EXERCISE DESCRIPTION >> Locate "Арканың дөңгелектеу радиусы" in the data below, then output the line it is on and all following lines through the last, word for word. Skip any pictures.

INFORMATION >>
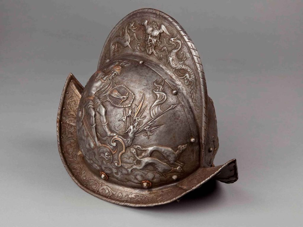 Aquest tipus de casc va ser molt popular als exèrcits al segle XVI, sobretot els hispànics. Amb les seves formes característicament corbades, protegia amb molta efectivitat les parts més exposades del rostre, com el nas i les orelles, però també les més vitals, com el coll i el crani, amb una cresta que també podia ser esmolada. Aquest casc en concret devia pertànyer, sens dubte, a un alt càrrec militar, per la rica decoració en relleu, refinada, de tipus classicista i de temàtica mitològica, amb la trobada de Mart i Venus, els déus romans de la guerra i de l’amor.
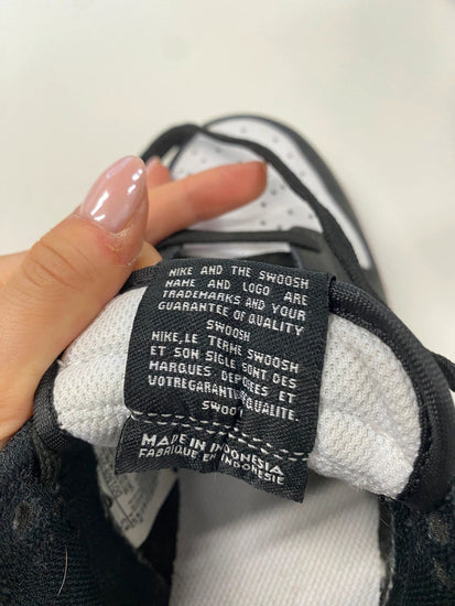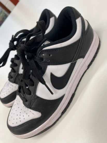 This product is a pair of Nike Dunk Low trainers in a UK size 4 for women. The shoes feature a stylish black and white panda design, adding a unique touch to the classic Nike Dunk Low model. Perfect for casual wear or sports activities, these trainers combine comfort and style with the renowned quality of the Nike brand. Designed specifically for women, these Nike Dunk Low trainers are a trendy and versatile addition to any shoe collection.
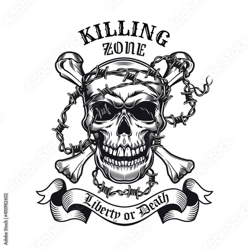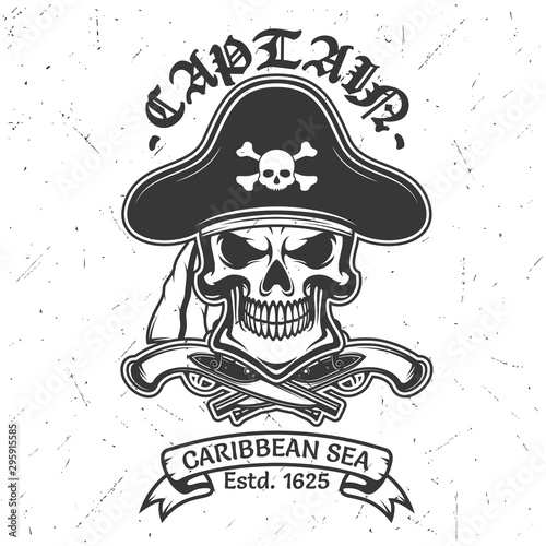Pirate captain skull and crossed swords vector sketch grunge illustration. Human skull wearing pirate hat and eyepatch. Vintage logo, tattoo template design.
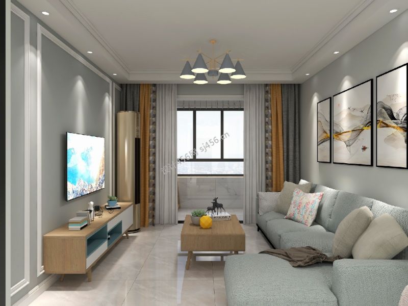 清新薄荷绿现代风格厨房吊柜沙发装修效果图
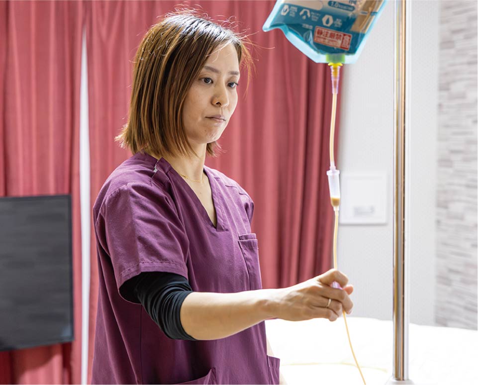 主に入居者様の医療ケアおよび健康管理を行っています。入居者様がその人らしく健康的かつ元気に過ごしていただくためには、医療の視点が不可欠。
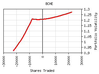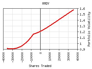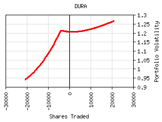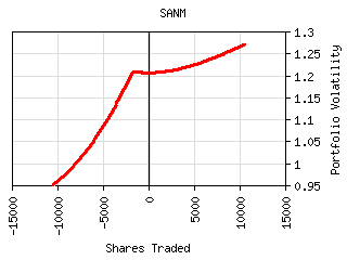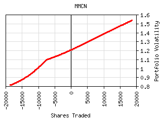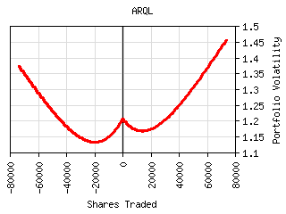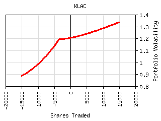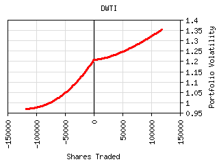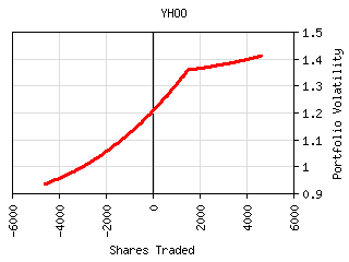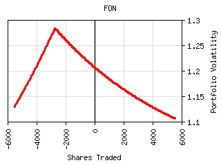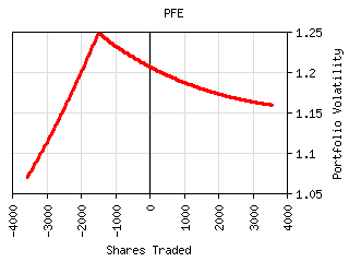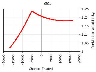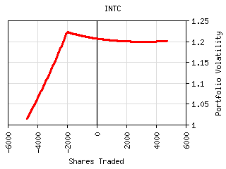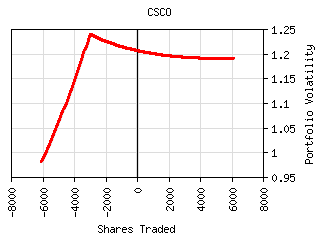 For most securities the plot of shares traded vs. portfolio volatility has a 'W' shaped curve as can be seen below. The central peak represents the portfolio volatility when the security is not held. The right valley in the curve represents the optimum long exposure to the security and the left valley represents the optimum short exposure. The outer legs represent over-exposure to the security. This curve is shifted left or right by the amount presently owned. It can be tilted or lopsided depending on the security and its interaction with the rest of the portfolio.
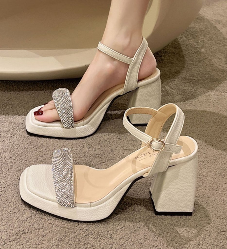 The SK52992 crystal block heel sandals combine structured support, subtle sparkle, and modern simplicity for women who value elegance with stability.
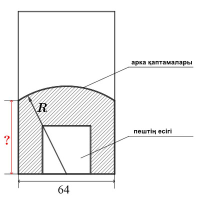 Арканың дөңгелектеу радиусы \(\displaystyle R\) белгілі және \(\displaystyle 68\) см тең. Қаптаманың ені сантиметрмен суретте көрсетілген. Қаптаманың биіктігін сантиметрмен табыңыз.
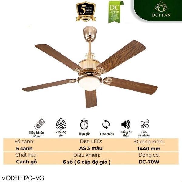 Quạt Trần Đèn LED DCT FAN 120-VG | Động cơ DC-70W tiết kiệm 70% điện năng | LED AS 3 màu
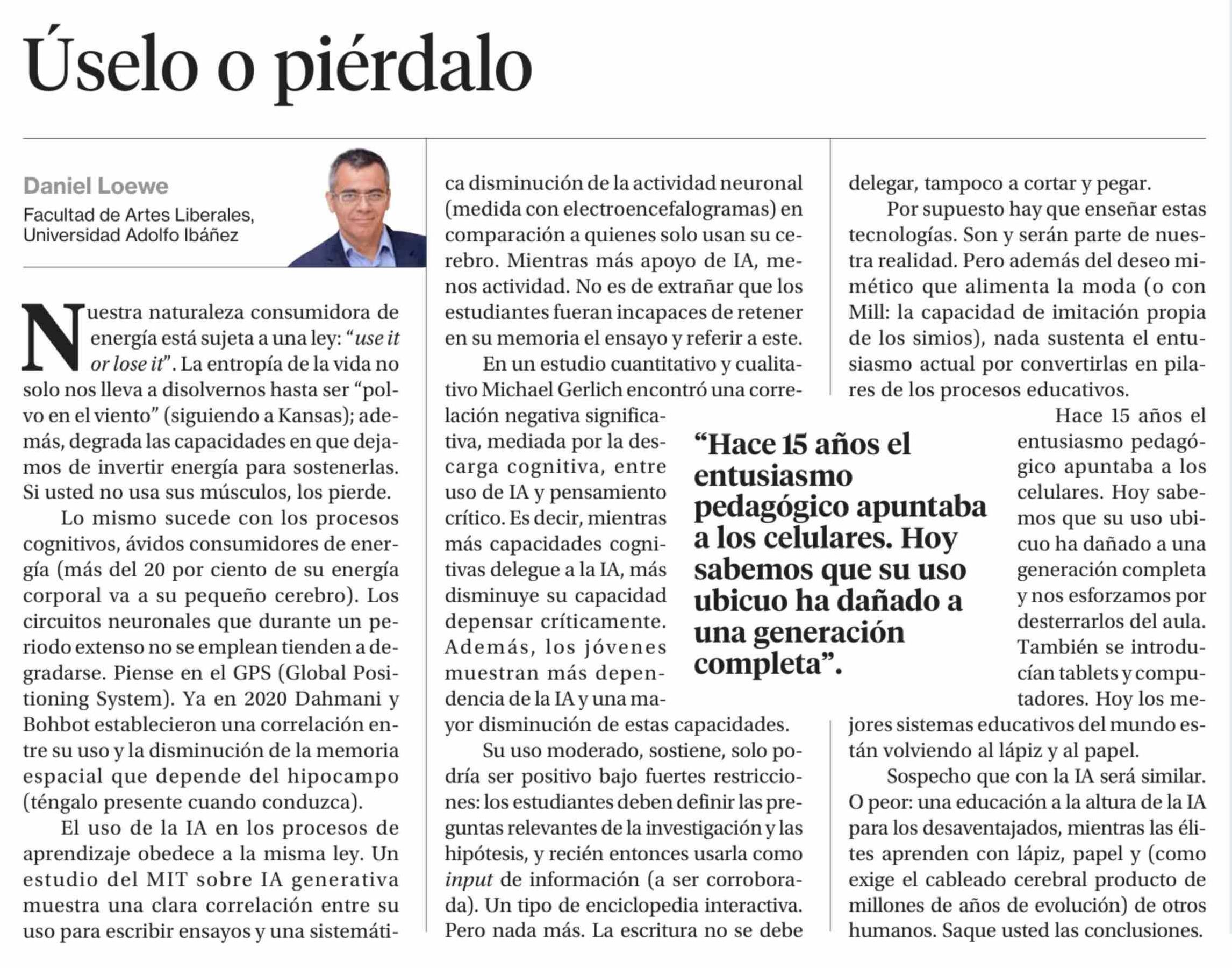 Título: Columnas de Opinión: Úselo o piérdalo
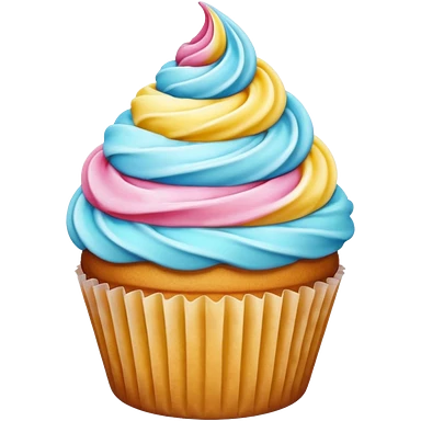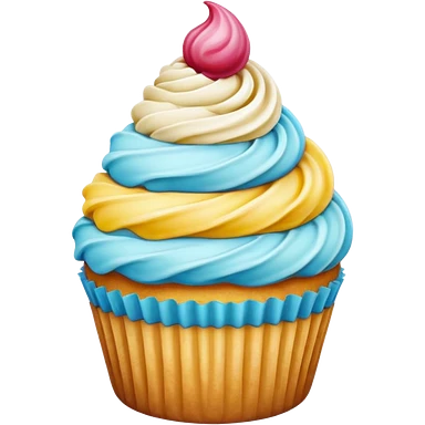 Cupcake with pink and blue icing and unicorn sprinkles emoji
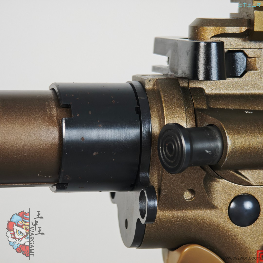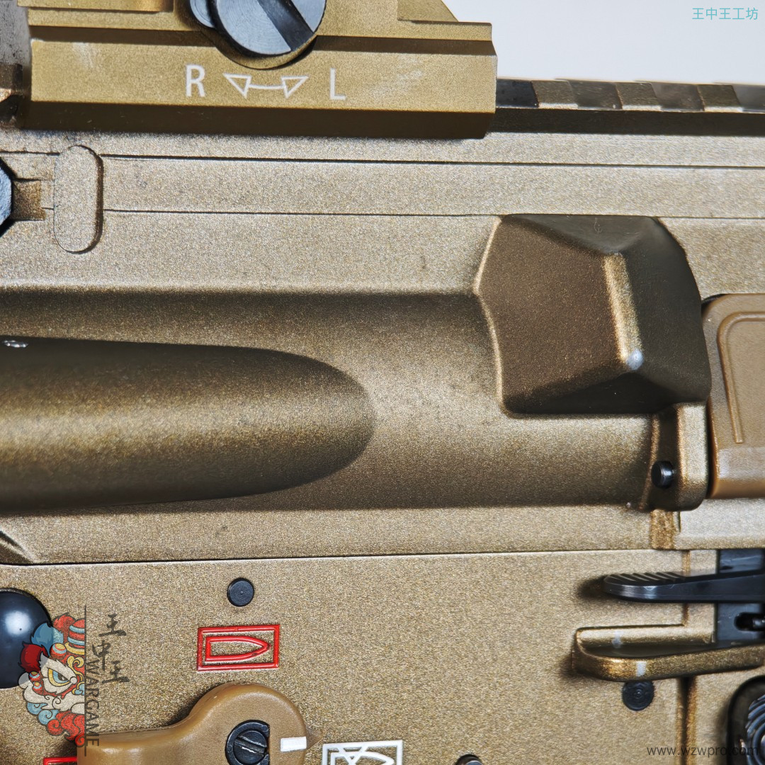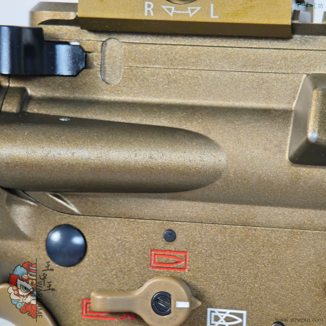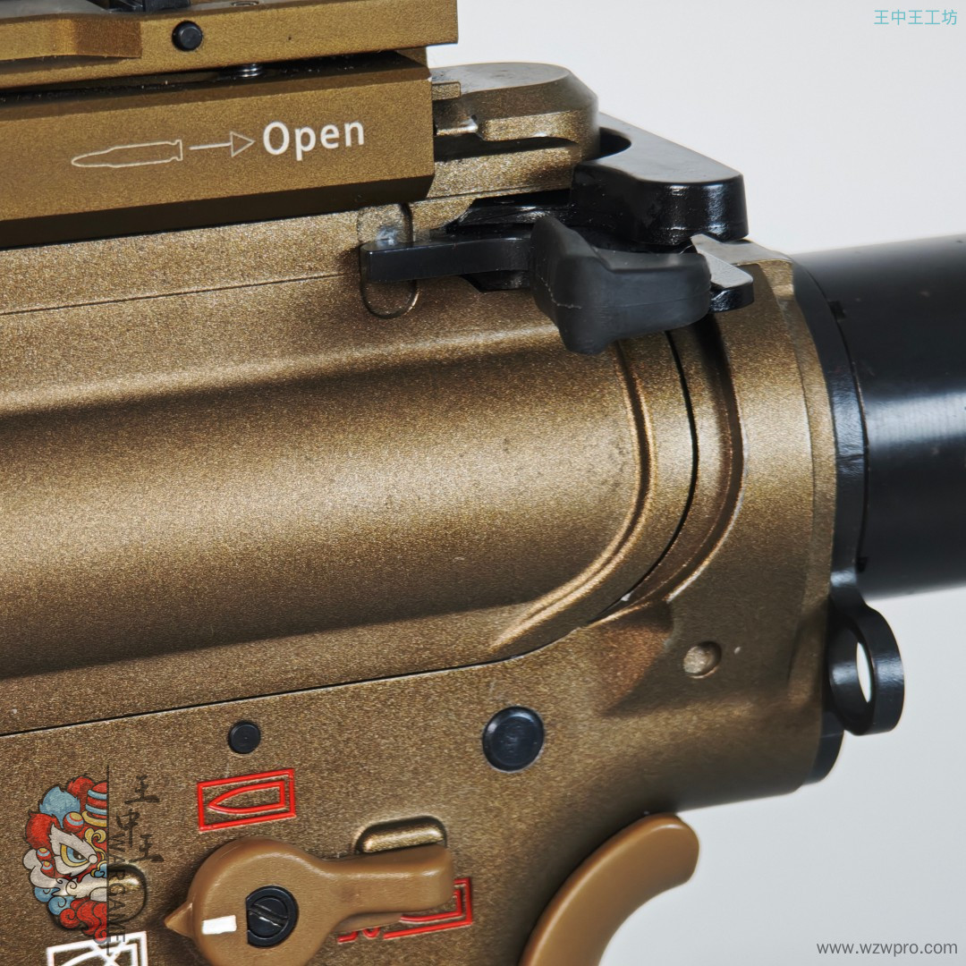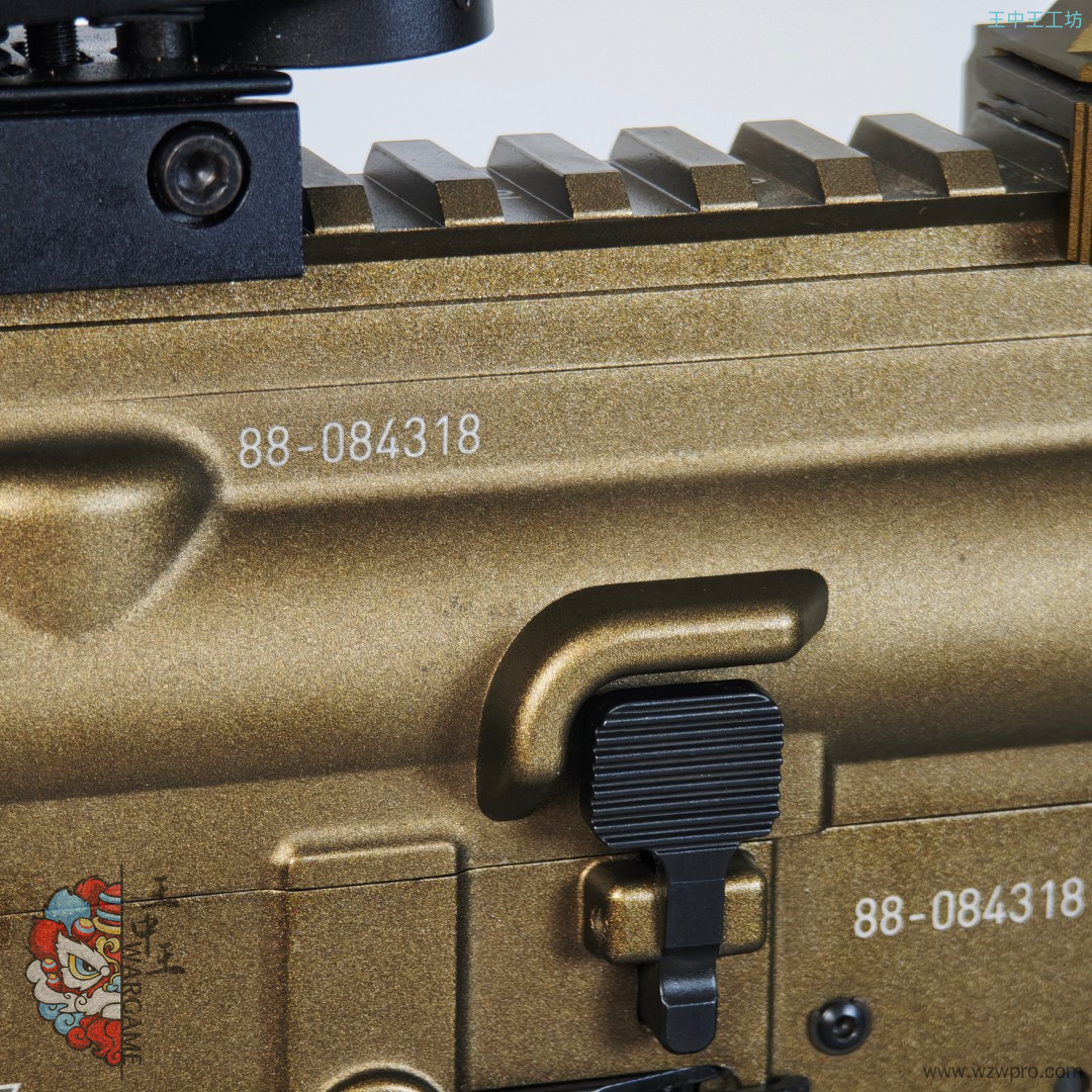 整体没有划痕,但很可惜的是上下机匣的漆面有像腐蚀一样的痕迹,不是很重,照片都不太好拍出来,鱼骨没有任何问题,具体请看下图,整体非常板正。双边弹匣释放少个补件,只能使用单边。

SOLUTION FOR THIS EXERCISE >>
 Арканың дөңгелектеу радиусы \(\displaystyle R\) белгілі және \(\displaystyle 68\) см тең. Қаптаманың ені сантиметрмен суретте көрсетілген. Қаптаманың биіктігін сантиметрмен табыңыз.
 Quạt Trần Đèn LED DCT FAN 120-VG | Động cơ DC-70W tiết kiệm 70% điện năng | LED AS 3 màu
 Título: Columnas de Opinión: Úselo o piérdalo
 Cupcake with pink and blue icing and unicorn sprinkles emoji
 整体没有划痕,但很可惜的是上下机匣的漆面有像腐蚀一样的痕迹,不是很重,照片都不太好拍出来,鱼骨没有任何问题,具体请看下图,整体非常板正。双边弹匣释放少个补件,只能使用单边。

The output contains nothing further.